Born in Sagua la Grande, Cuba, Wilfredo Lam personally exemplified the complex multiethnic nature of Latin America: his father was Chinese while his mother boasted a combined African, Indian, and European cultural background. Utilizing some of this background, Lam, through art, would explore various African and Caribbean cultural themes and exhibit his art both in the United States and in Europe.
Already at an early age, Wilfredo’s talents as an artist were becoming recognized. By the age of 14, he had enrolled at Havana’s fine arts institution, Escuela de Bellas Artes. Two years later his work began to come into the public eye through the various exhibitions initiated by Havana’s sculptor and painters association. During this time, Lam primarily worked in still life and landscapes.
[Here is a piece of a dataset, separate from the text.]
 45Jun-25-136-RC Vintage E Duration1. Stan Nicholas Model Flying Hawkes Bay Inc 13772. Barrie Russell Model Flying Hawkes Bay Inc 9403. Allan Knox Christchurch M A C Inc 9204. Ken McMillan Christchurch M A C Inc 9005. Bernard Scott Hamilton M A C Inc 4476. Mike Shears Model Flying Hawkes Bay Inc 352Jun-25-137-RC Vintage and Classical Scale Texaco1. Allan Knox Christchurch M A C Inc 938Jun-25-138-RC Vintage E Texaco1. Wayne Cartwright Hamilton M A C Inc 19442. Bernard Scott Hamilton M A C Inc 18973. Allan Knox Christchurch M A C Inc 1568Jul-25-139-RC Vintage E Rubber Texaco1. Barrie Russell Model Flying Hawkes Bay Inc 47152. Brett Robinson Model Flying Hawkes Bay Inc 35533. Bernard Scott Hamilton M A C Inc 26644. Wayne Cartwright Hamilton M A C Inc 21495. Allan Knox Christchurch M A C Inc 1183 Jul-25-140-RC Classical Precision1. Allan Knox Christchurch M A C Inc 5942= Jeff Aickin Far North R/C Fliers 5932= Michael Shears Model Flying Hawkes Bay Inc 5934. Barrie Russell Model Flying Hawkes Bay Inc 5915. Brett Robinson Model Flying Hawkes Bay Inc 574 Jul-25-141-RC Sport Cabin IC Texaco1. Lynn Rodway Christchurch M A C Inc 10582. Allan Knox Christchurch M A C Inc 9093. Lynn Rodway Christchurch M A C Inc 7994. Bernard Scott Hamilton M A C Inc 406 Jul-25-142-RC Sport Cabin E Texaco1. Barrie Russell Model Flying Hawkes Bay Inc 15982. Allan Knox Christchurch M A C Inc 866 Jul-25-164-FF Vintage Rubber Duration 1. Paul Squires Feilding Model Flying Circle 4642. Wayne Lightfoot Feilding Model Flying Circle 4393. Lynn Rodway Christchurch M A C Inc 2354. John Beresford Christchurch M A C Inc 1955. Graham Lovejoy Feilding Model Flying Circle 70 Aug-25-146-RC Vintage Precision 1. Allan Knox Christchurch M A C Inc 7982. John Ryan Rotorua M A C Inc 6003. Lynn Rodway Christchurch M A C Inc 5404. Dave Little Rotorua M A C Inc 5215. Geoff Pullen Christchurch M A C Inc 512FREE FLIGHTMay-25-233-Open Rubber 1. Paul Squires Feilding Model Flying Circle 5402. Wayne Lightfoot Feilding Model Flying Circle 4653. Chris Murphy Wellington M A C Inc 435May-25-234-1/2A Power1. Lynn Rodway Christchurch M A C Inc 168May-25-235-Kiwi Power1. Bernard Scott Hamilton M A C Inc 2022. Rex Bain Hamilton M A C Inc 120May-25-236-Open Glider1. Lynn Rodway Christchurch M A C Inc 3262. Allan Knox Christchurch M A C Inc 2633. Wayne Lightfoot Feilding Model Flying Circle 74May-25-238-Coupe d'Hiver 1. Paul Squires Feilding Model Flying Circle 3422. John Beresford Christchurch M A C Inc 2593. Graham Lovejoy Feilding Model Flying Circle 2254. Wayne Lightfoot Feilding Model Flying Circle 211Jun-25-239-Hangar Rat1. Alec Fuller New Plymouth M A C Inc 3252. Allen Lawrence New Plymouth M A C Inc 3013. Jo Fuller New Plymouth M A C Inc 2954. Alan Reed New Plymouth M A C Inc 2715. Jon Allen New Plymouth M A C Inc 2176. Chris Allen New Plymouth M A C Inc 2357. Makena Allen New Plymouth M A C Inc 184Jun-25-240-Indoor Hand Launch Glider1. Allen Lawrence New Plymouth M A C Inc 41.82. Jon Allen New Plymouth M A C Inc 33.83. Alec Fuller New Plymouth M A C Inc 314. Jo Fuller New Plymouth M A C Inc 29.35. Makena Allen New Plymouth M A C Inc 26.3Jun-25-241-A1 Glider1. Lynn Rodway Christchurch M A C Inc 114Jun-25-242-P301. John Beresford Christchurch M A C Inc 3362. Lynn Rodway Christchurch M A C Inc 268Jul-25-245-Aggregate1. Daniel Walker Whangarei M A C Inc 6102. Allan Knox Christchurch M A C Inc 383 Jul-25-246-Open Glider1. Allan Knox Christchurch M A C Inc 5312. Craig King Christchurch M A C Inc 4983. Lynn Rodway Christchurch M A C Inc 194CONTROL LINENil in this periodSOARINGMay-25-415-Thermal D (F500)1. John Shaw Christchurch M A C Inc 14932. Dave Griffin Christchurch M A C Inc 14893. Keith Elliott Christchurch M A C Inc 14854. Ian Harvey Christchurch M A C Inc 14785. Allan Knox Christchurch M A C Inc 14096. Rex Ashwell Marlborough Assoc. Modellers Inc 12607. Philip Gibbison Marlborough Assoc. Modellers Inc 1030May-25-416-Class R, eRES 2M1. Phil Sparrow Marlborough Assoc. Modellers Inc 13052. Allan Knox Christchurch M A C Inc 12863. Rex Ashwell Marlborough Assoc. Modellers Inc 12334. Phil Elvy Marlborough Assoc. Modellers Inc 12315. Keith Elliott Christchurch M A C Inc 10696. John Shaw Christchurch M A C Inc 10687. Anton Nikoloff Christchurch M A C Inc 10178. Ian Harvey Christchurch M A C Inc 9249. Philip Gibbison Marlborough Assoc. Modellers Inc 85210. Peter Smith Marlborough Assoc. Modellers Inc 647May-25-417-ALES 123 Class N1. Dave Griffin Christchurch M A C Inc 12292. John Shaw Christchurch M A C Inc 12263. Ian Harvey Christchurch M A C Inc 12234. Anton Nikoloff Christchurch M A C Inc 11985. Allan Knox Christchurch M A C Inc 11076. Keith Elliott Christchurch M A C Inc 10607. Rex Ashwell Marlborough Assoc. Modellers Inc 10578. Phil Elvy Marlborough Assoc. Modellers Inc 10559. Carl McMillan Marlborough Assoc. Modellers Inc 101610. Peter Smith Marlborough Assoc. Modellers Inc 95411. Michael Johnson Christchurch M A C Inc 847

By 1923, Lam had decided to further his arts education in Europe, traveling to Spain and becoming a student of Salvador Dali’s former instructor, Fernando Alvarez de Sotomayor. During his fifteen year stay in Spain, Lam visited various parts of the Spanish peninsula and experimented in various genres from cubism to surrealism. Influences included the French painter Henry Matisse and Spain’s Pablo Picasso. The latter would help shape both Lam’s artistic work and political leanings, and would be responsible for encouraging Lam’s interest in African art and tribal masks. With the advent of civil war in Spain, Lam sought to fight on the Republican side but eventually left the country by 1938.
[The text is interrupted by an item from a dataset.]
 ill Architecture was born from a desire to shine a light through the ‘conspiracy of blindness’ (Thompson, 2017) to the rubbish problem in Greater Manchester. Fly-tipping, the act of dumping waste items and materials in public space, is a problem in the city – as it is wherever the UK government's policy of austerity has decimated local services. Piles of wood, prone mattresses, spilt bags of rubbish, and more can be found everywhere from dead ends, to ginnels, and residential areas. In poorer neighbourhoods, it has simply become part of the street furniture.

Upon arriving in Paris that same year, Lam was introduced to the city’s art community and was invited to display his work at a solo show at the Galerie Pierre Loeb. His stay in France, however, was cut short with the arrival of Nazi troops and World War II. His departure was part of a larger exodus of artists and intellectuals to the island of Martinique. The subsequent move back to the Caribbean initiated a rediscovery of Lam’s Afro-Cuban background of which his 1943 painting, La Jungla, exemplifies. With its mixed sensibilities, Lam’s La Jungla and later work documented and expressed Cuban landscapes, African mythologies, and Caribbean spirit. He celebrated his first solo show in Havana in 1946 and won a national prize in 1951. After 1946, his paintings took on a more solemn tone as demonstrated in La Boda (1976) and are most attributed to his interest in the hybrid Haitian religion of Santeria.
Lam continued his travels through the 1950s and 60s, finally settling in Europe and establishing a studio in Italy. Featured in both in the Americas and European continent, Lam’s works have won numerous awards and drawn acclaim for its bold and striking features. He died on September 11, 1982 in Paris.